• Task requirements:
Leave every image out, and print the remaining lines below exactly.

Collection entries
*** Begin section ***
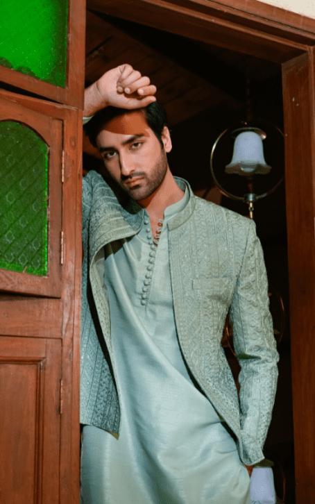 Mint Green Self-Embroidered Prince Coat – A Statement of Subtle Royalty
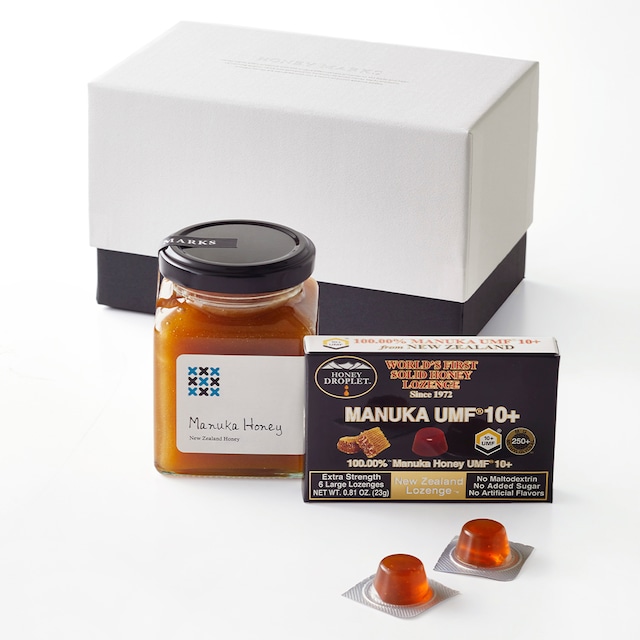 大口注文・法人のお問い合わせはこちら厳しい基準をクリアしたマヌカハニーとUMF10+の喉あめのギフトセットです。 マヌカハニーの人気の高まりの中で、質の高いマヌカハニーの喉あめが製造されたことにより、手軽にケアできると大人気の商品となりました。 特に健康を気遣う方に使っていただきたいという思いから、このギフトは誕生しました。 そんなマヌカハニーと、マヌカハニーUMF10+だけで作られた喉あめをセットにしました。 瓶入りのマヌカハニーはご自宅で、喉あめは移動中などに手軽に使えるのにしっかりとケアできると喜ばれています。
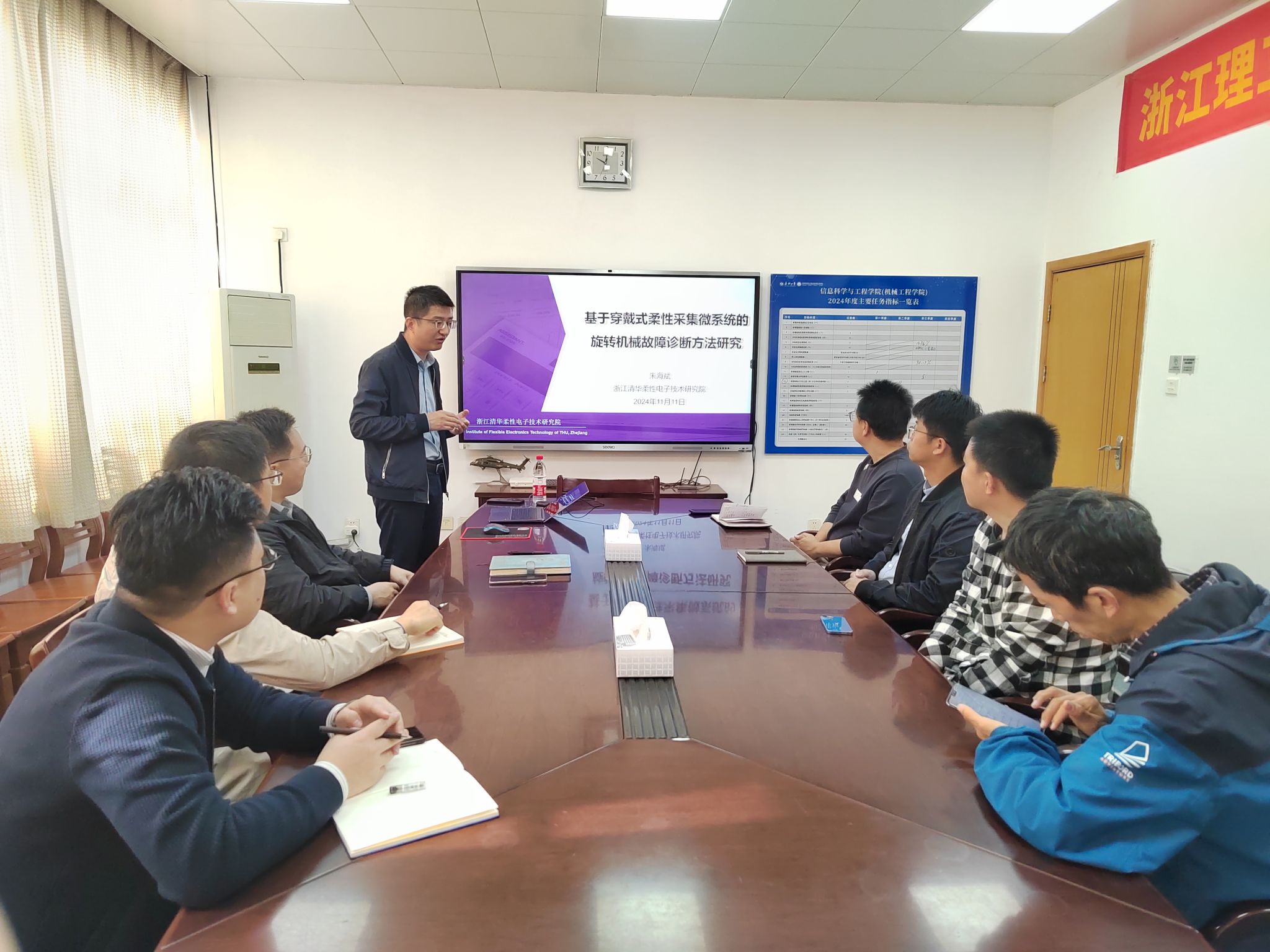 1111日上午,浙江清华柔性电子技术研究院朱海斌研究员应邀为我院作“基于穿戴式柔性采集微系统的旋转机械故障诊断方法研究”专题学术报告。机械工程系教师以及部分硕士研究生参加了此次学术报告会报告会由鹿业波副院长主持。
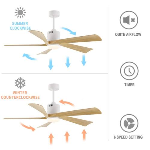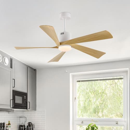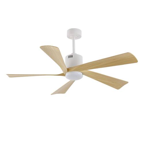 About This Product:Elevate your home´s ambiance with this sleek, modern ceiling fan that blends style, functionality, and smart technology. Featuring 5-gracefully curved blades available in dark walnut, natural wood or grayish white finish, this fan adds a touch of elegance to any room. The matte black/white/gold motor housing creates a striking contemporary contrast, while the integrated LED light kit offers energy-efficient illumination. This innovative ceiling fan offers seamless integration with a user-friendly mobile app for effortless control from anywhere. Perfect for living rooms, bedrooms, or dining areas, this ceiling fan ensures optimal air circulation and a comfortable environment year-round.
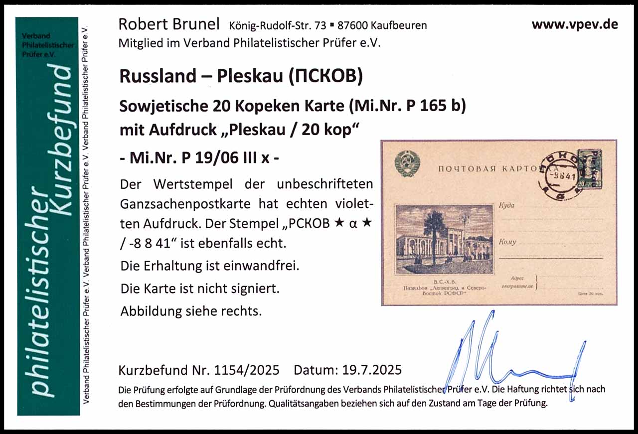 20 Kopecks postal stationery with overprint "Pleskau / 20 kop", with picture 06, violet hand stamp overprint, blanco card, cancelled by black cancel "PCKOB * a * -8 8 41", photo expertize Robert Brunel VP (2025), "the condition is perfect
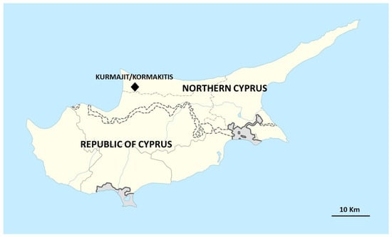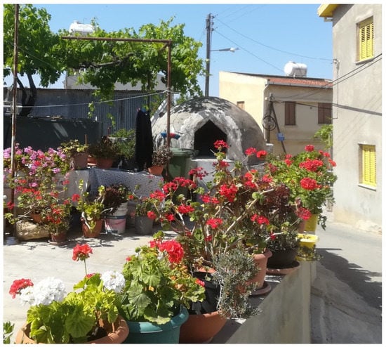 The field study was carried out in the small village of Kormakitis, Northern Cyprus, in May 2022 (Figure 1 and Figure 2). Most of the Maronites in Kormakitis came from a Lebanese village called Kour located in the Batroun district of Northern Lebanon []. The name of the studied village can be transcribed in the spoken Lebanese dialect as “Kor ma giti”, which literally means “Kour did not come”, referring to the fact that Maronites emigrated from the village of Kour, but were not able to bring the village with them; this may somehow reflect the Maronite migrants’ nostalgia for their homeland and the original Arabic identity of the village. Although Maronites represent one of the main ethno-religious groups in the Eastern Mediterranean and preserve an essential part of the region’s identity, they are still underdocumented from an ethnobotanical perspective. The uniqueness of the group is rooted in their merger of eastern Assyrian culture and rituals on one side, and the Church of Rome on the other []. Historically, the group originated in the Orontes Valley of present-day Syria. Between the 8th and 10th centuries, a mass migration of the group led to the transfer of the Maronite patriarchal residence to Mount Lebanon []. Currently, Maronites live mainly in Lebanon, where they form a quarter of the country’s population, as well as in Syria, France, USA, Mexico, and South America. Similar to other ethnic-religious groups of the region, Maronites have suffered from instability in the region over the past millennia due to various empires frequently clashing over the eastern Mediterranean (e.g., Byzantine, Persian, Roman, Umayyad, Abbasi, and Ottoman), political riots, and intricate and delicate religious affairs. Therefore, many members of the group have migrated out of the region, with Cyprus being one of the destinations [].
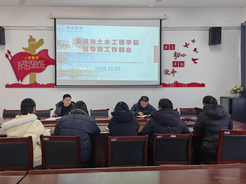 12月31日下午,资源与土木工程学院在工A402会议室召开24-25学年第一学期期末辅导员工作会议。院党委书记孙裕金、党委副书记贾学彬以及全体辅导员参加了会议,会议由孙裕金主持。
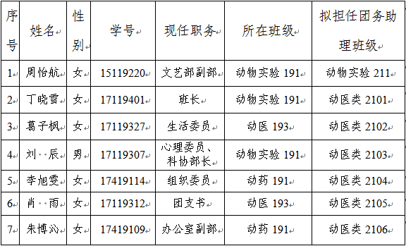 经过个人申报、材料审核、结构化面试,现将2021级新生班级团务助理推荐名单公示如下:
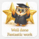 Sticker Carré Well done, fantastic work graduation owl three gol
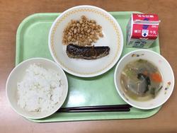 今日の納豆は、ご飯と合いネバネバしてとても美味しかったです。そしてひじきとキャベツのごまずあえは、やわらかくて美味しかったです。豚肉と大根の煮物は、大根に味が染みて美味しかったです。(給食委員会T&K) |
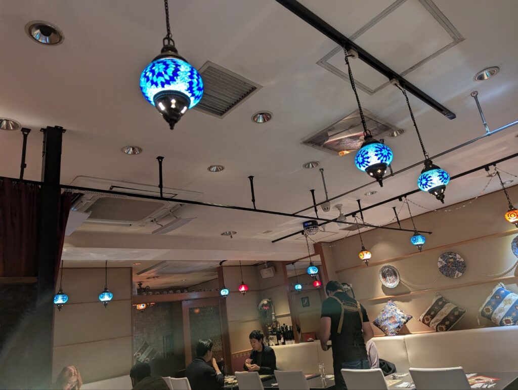 階段を下りていくと、素敵な店構え。赤いランプの灯が、トルコっぽいなんて思いながら、店に入る。
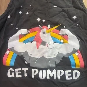 This fun gray tank top is great for all climbers. The front says “Get Pumped” and has a picture of a unicorn flexing its muscles. Behind that, is a rainbow, with only the pink, yellow, and blue.
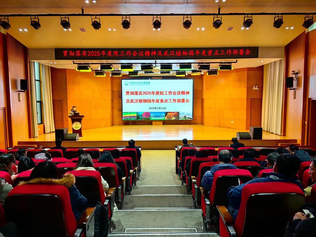 2025年2月14日,武汉植物园召开贯彻落实2025年度院工作会议精神及武汉植物园年度重点工作部署会。园领导班子成员,党委委员、纪委委员,党支部书记,研究中心负责人,中层干部,科研及管理骨干代表、学生代表等150余人参加会议。会议由副主任刘宏涛主持。
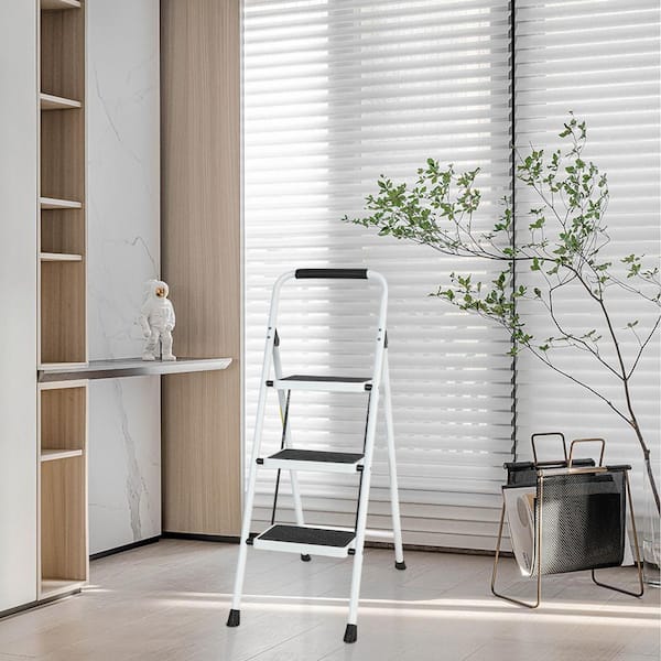 3-Step white Iron Ladder Foldable Non-slip Outdoor Ladder Loading 330 lbs. for Home, Kitchen, Office
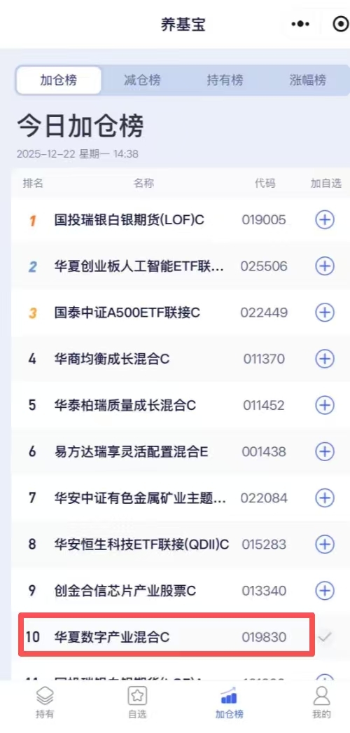 数字产业是我最近新了解到的赛道,这里布局的算力板块成长逻辑坚实,尤其是今天收益超5个点,爆发力很强,$华夏数字产业混合C$还在今天的加仓榜前十名,收益这么好,不观望了,明天开门就冲
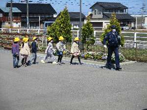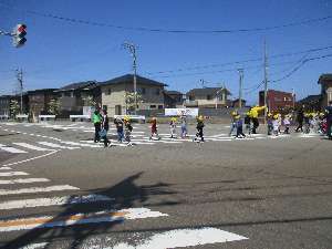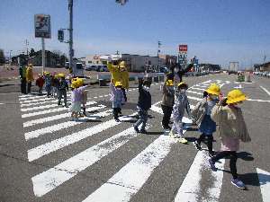 学校からつばめ野への歩行コースでは、しっかりと左右を確認し、手をあげて横断歩道を渡っていました。みんなとても上手でした。 -
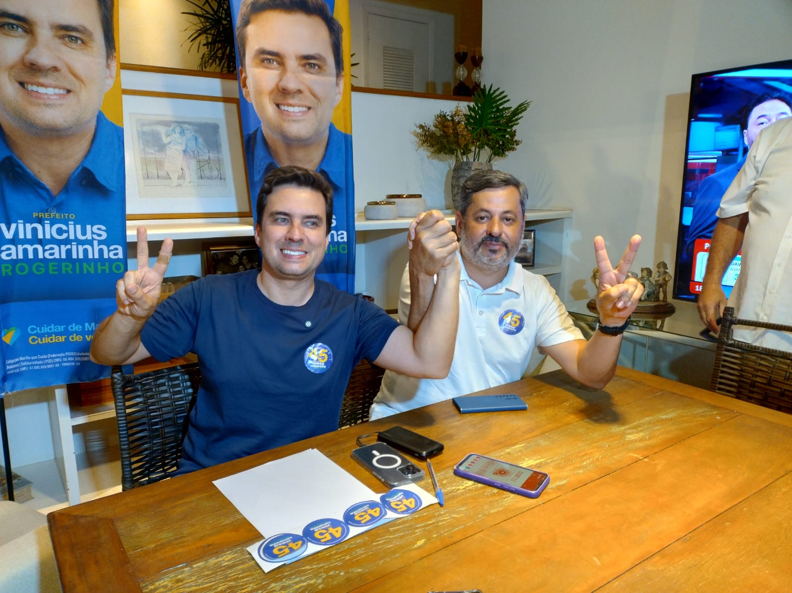 Sentado ao lado do seu vice Rogerinho (PP), Vinicius iniciou seu pronunciamento com agradecimentos a Deus, familiares, equipe de apoio de campanha e ao “povo que foi leal, dando para gente uma votação expressiva”.
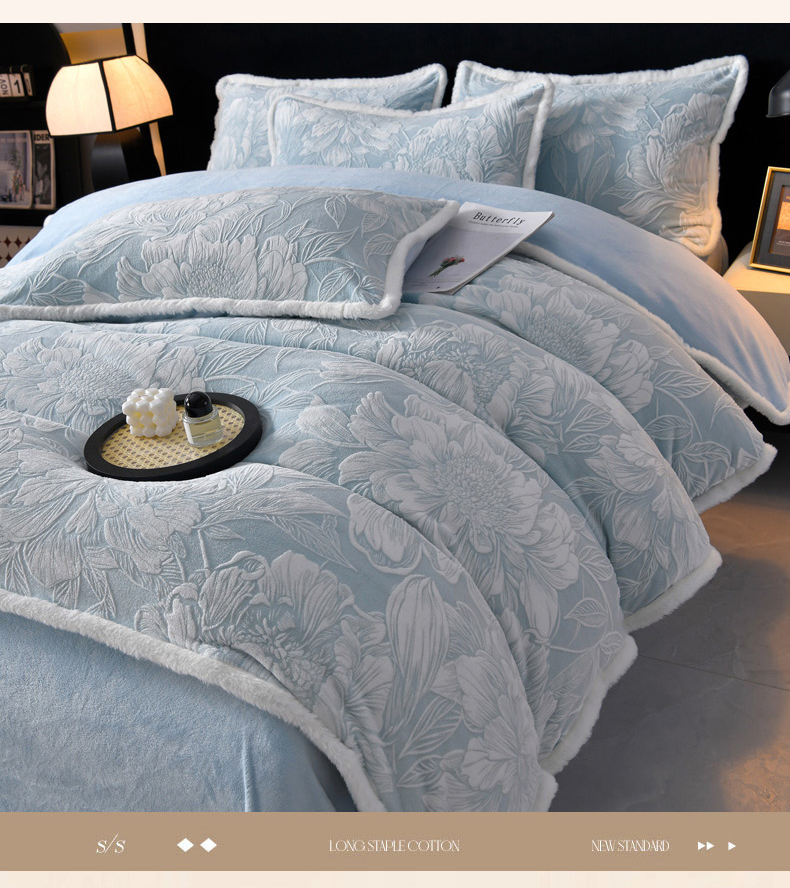 (总)斯尔顿 2025新款高克重标准8.5斤雕花牛奶绒四件套兔毛绒包边法莱绒珊瑚绒
*** End section ***
• Worked solution:
 Mint Green Self-Embroidered Prince Coat – A Statement of Subtle Royalty
 大口注文・法人のお問い合わせはこちら厳しい基準をクリアしたマヌカハニーとUMF10+の喉あめのギフトセットです。 マヌカハニーの人気の高まりの中で、質の高いマヌカハニーの喉あめが製造されたことにより、手軽にケアできると大人気の商品となりました。 特に健康を気遣う方に使っていただきたいという思いから、このギフトは誕生しました。 そんなマヌカハニーと、マヌカハニーUMF10+だけで作られた喉あめをセットにしました。 瓶入りのマヌカハニーはご自宅で、喉あめは移動中などに手軽に使えるのにしっかりとケアできると喜ばれています。
 1111日上午,浙江清华柔性电子技术研究院朱海斌研究员应邀为我院作“基于穿戴式柔性采集微系统的旋转机械故障诊断方法研究”专题学术报告。机械工程系教师以及部分硕士研究生参加了此次学术报告会报告会由鹿业波副院长主持。
 About This Product:Elevate your home´s ambiance with this sleek, modern ceiling fan that blends style, functionality, and smart technology. Featuring 5-gracefully curved blades available in dark walnut, natural wood or grayish white finish, this fan adds a touch of elegance to any room. The matte black/white/gold motor housing creates a striking contemporary contrast, while the integrated LED light kit offers energy-efficient illumination. This innovative ceiling fan offers seamless integration with a user-friendly mobile app for effortless control from anywhere. Perfect for living rooms, bedrooms, or dining areas, this ceiling fan ensures optimal air circulation and a comfortable environment year-round.
 20 Kopecks postal stationery with overprint "Pleskau / 20 kop", with picture 06, violet hand stamp overprint, blanco card, cancelled by black cancel "PCKOB * a * -8 8 41", photo expertize Robert Brunel VP (2025), "the condition is perfect
 The field study was carried out in the small village of Kormakitis, Northern Cyprus, in May 2022 (Figure 1 and Figure 2). Most of the Maronites in Kormakitis came from a Lebanese village called Kour located in the Batroun district of Northern Lebanon []. The name of the studied village can be transcribed in the spoken Lebanese dialect as “Kor ma giti”, which literally means “Kour did not come”, referring to the fact that Maronites emigrated from the village of Kour, but were not able to bring the village with them; this may somehow reflect the Maronite migrants’ nostalgia for their homeland and the original Arabic identity of the village. Although Maronites represent one of the main ethno-religious groups in the Eastern Mediterranean and preserve an essential part of the region’s identity, they are still underdocumented from an ethnobotanical perspective. The uniqueness of the group is rooted in their merger of eastern Assyrian culture and rituals on one side, and the Church of Rome on the other []. Historically, the group originated in the Orontes Valley of present-day Syria. Between the 8th and 10th centuries, a mass migration of the group led to the transfer of the Maronite patriarchal residence to Mount Lebanon []. Currently, Maronites live mainly in Lebanon, where they form a quarter of the country’s population, as well as in Syria, France, USA, Mexico, and South America. Similar to other ethnic-religious groups of the region, Maronites have suffered from instability in the region over the past millennia due to various empires frequently clashing over the eastern Mediterranean (e.g., Byzantine, Persian, Roman, Umayyad, Abbasi, and Ottoman), political riots, and intricate and delicate religious affairs. Therefore, many members of the group have migrated out of the region, with Cyprus being one of the destinations [].
 12月31日下午,资源与土木工程学院在工A402会议室召开24-25学年第一学期期末辅导员工作会议。院党委书记孙裕金、党委副书记贾学彬以及全体辅导员参加了会议,会议由孙裕金主持。
 经过个人申报、材料审核、结构化面试,现将2021级新生班级团务助理推荐名单公示如下:
 Sticker Carré Well done, fantastic work graduation owl three gol
 今日の納豆は、ご飯と合いネバネバしてとても美味しかったです。そしてひじきとキャベツのごまずあえは、やわらかくて美味しかったです。豚肉と大根の煮物は、大根に味が染みて美味しかったです。(給食委員会T&K) |
 階段を下りていくと、素敵な店構え。赤いランプの灯が、トルコっぽいなんて思いながら、店に入る。
 This fun gray tank top is great for all climbers. The front says “Get Pumped” and has a picture of a unicorn flexing its muscles. Behind that, is a rainbow, with only the pink, yellow, and blue.
 2025年2月14日,武汉植物园召开贯彻落实2025年度院工作会议精神及武汉植物园年度重点工作部署会。园领导班子成员,党委委员、纪委委员,党支部书记,研究中心负责人,中层干部,科研及管理骨干代表、学生代表等150余人参加会议。会议由副主任刘宏涛主持。
 3-Step white Iron Ladder Foldable Non-slip Outdoor Ladder Loading 330 lbs. for Home, Kitchen, Office
 数字产业是我最近新了解到的赛道,这里布局的算力板块成长逻辑坚实,尤其是今天收益超5个点,爆发力很强,$华夏数字产业混合C$还在今天的加仓榜前十名,收益这么好,不观望了,明天开门就冲
 学校からつばめ野への歩行コースでは、しっかりと左右を確認し、手をあげて横断歩道を渡っていました。みんなとても上手でした。 -
 Sentado ao lado do seu vice Rogerinho (PP), Vinicius iniciou seu pronunciamento com agradecimentos a Deus, familiares, equipe de apoio de campanha e ao “povo que foi leal, dando para gente uma votação expressiva”.
 (总)斯尔顿 2025新款高克重标准8.5斤雕花牛奶绒四件套兔毛绒包边法莱绒珊瑚绒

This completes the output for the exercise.